**DATA FOR PROCESSING**
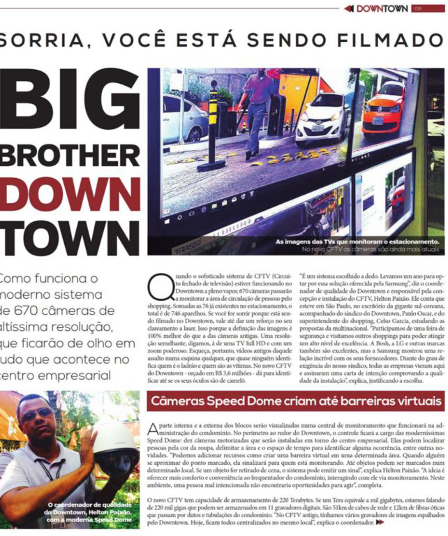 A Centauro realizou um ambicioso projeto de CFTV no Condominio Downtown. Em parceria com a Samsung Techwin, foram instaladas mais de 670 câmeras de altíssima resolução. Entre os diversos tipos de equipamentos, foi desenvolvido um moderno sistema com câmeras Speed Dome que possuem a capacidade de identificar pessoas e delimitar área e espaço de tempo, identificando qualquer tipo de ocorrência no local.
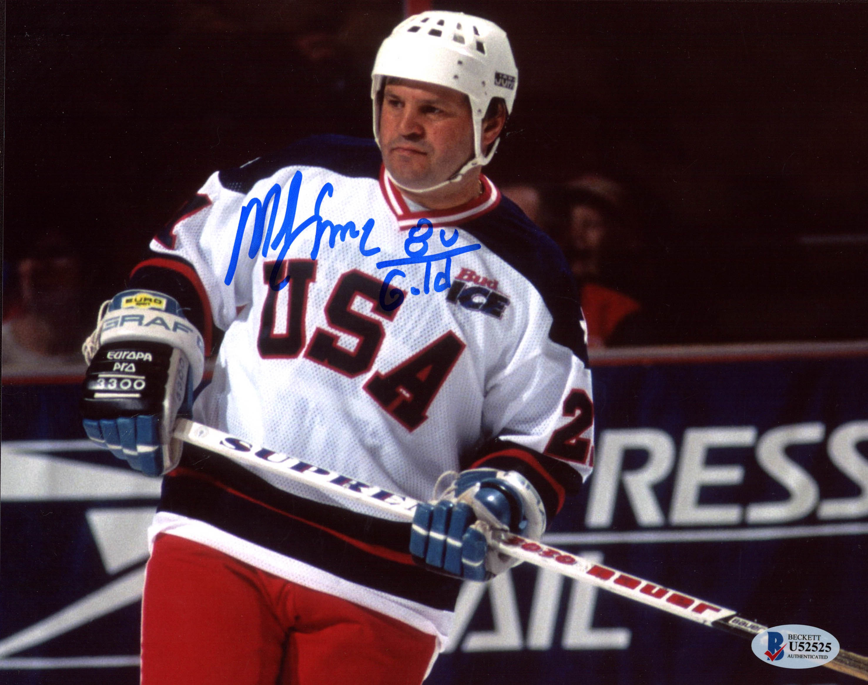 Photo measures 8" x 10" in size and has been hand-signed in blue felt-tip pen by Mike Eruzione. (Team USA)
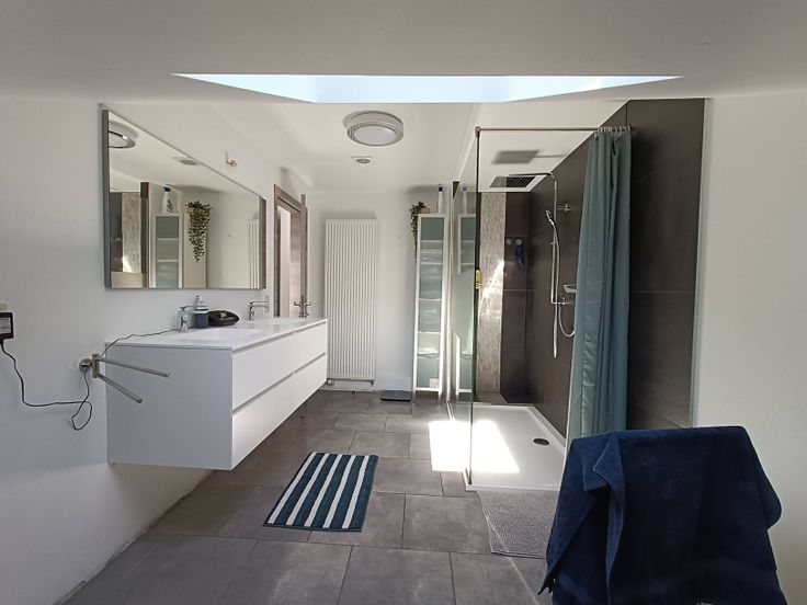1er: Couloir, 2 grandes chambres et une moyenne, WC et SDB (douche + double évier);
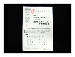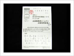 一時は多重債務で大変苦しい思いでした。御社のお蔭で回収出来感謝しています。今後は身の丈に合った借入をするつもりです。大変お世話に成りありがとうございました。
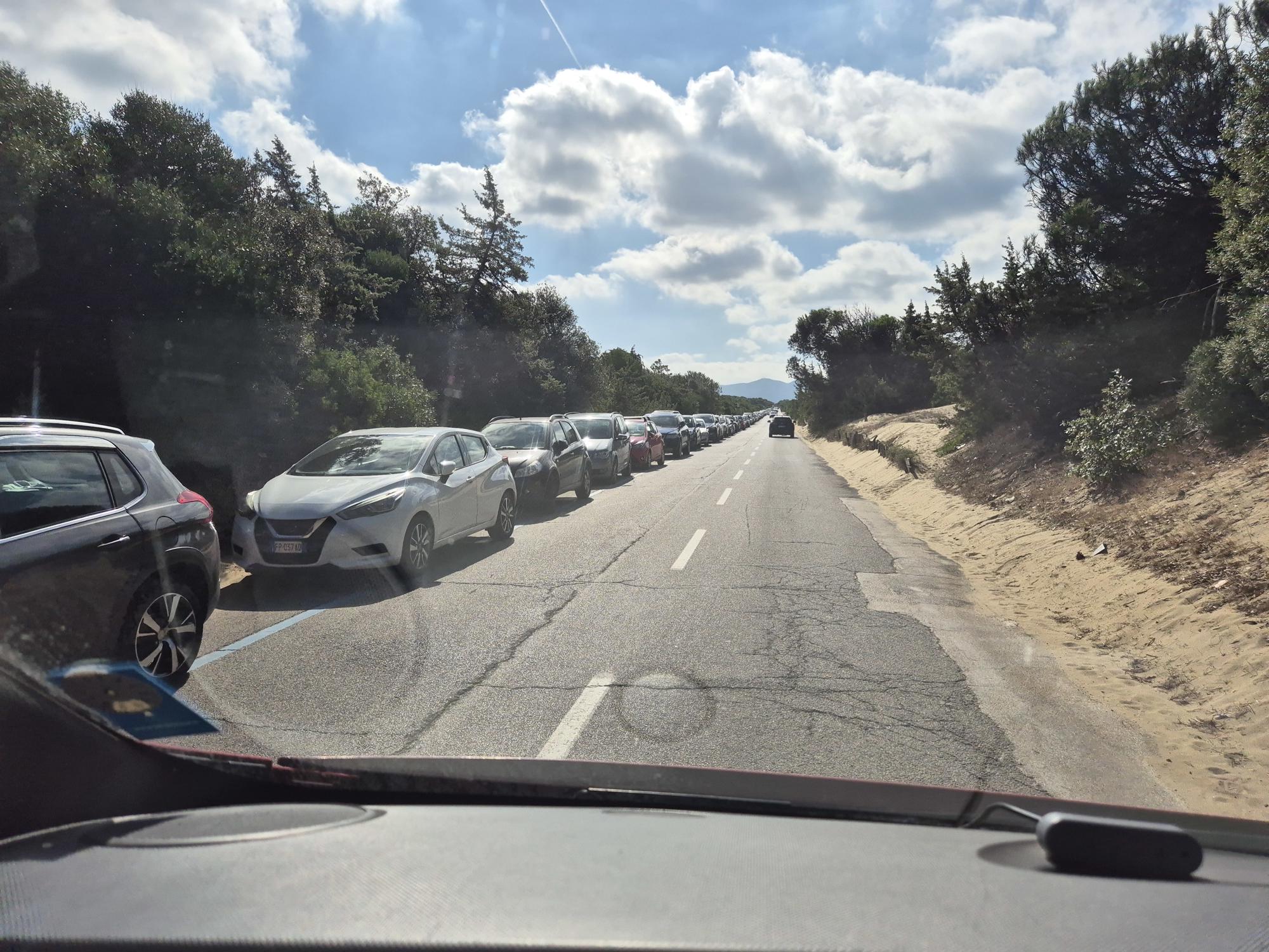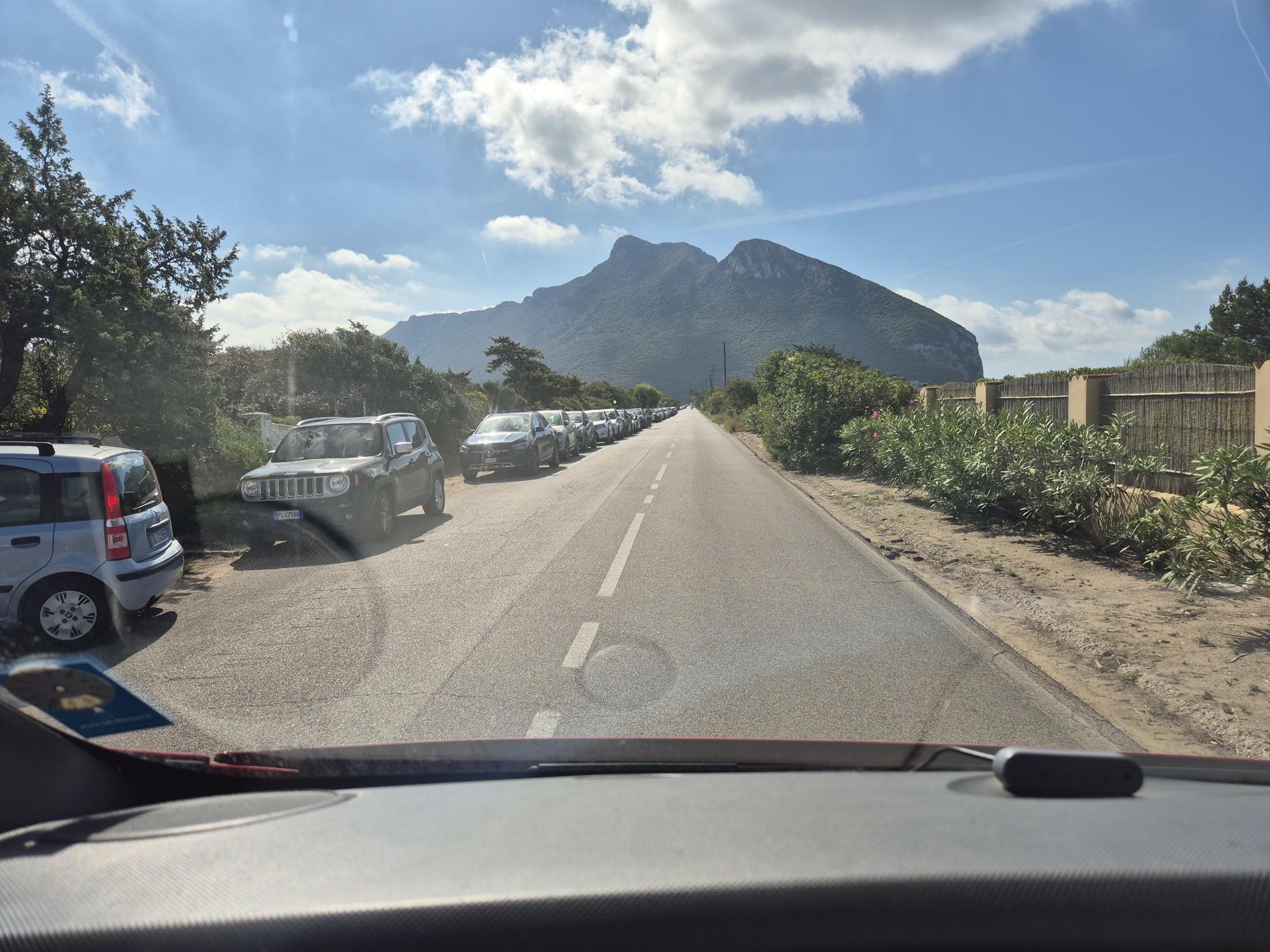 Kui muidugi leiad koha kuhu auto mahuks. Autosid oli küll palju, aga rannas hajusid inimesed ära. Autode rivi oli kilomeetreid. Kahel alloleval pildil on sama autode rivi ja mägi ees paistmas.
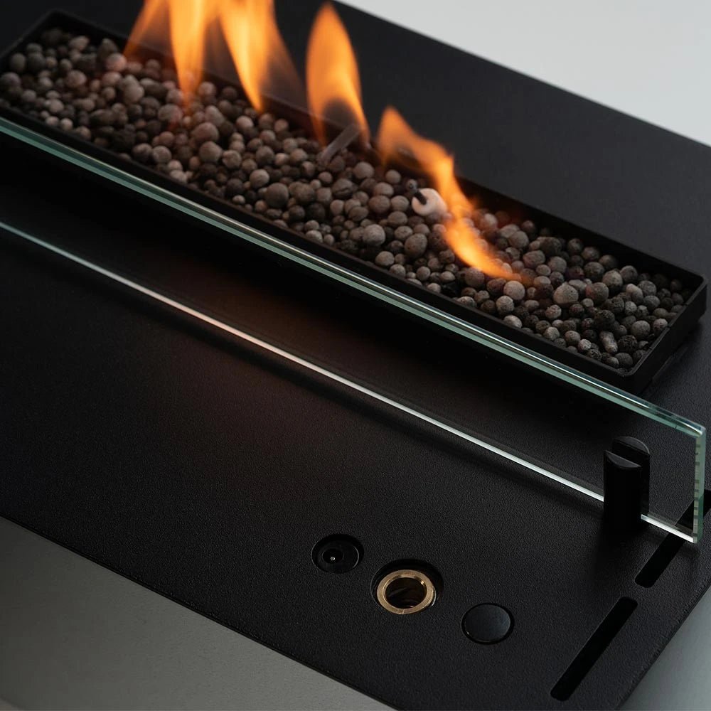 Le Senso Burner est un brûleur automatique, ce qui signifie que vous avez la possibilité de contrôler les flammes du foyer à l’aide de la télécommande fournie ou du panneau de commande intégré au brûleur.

---

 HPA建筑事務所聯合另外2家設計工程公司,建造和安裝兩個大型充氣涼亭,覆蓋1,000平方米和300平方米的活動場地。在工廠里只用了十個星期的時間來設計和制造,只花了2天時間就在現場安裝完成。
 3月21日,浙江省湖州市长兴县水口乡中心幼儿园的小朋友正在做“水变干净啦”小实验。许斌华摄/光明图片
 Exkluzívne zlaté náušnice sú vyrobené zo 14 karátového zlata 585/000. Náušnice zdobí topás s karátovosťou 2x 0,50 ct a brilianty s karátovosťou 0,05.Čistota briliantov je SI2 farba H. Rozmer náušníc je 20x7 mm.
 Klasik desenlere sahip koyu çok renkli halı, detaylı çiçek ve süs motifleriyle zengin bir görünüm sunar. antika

**PROBLEM REQUIREMENTS**
Copy out exactly the lines above beginning with the line that contains "1er: Couloir, 2" and finishing with the line that contains "一時は多重債務で大変苦しい思", including both; leave the pictures out.

**EXERCISE SOLUTION**
1er: Couloir, 2 grandes chambres et une moyenne, WC et SDB (douche + double évier);
 一時は多重債務で大変苦しい思いでした。御社のお蔭で回収出来感謝しています。今後は身の丈に合った借入をするつもりです。大変お世話に成りありがとうございました。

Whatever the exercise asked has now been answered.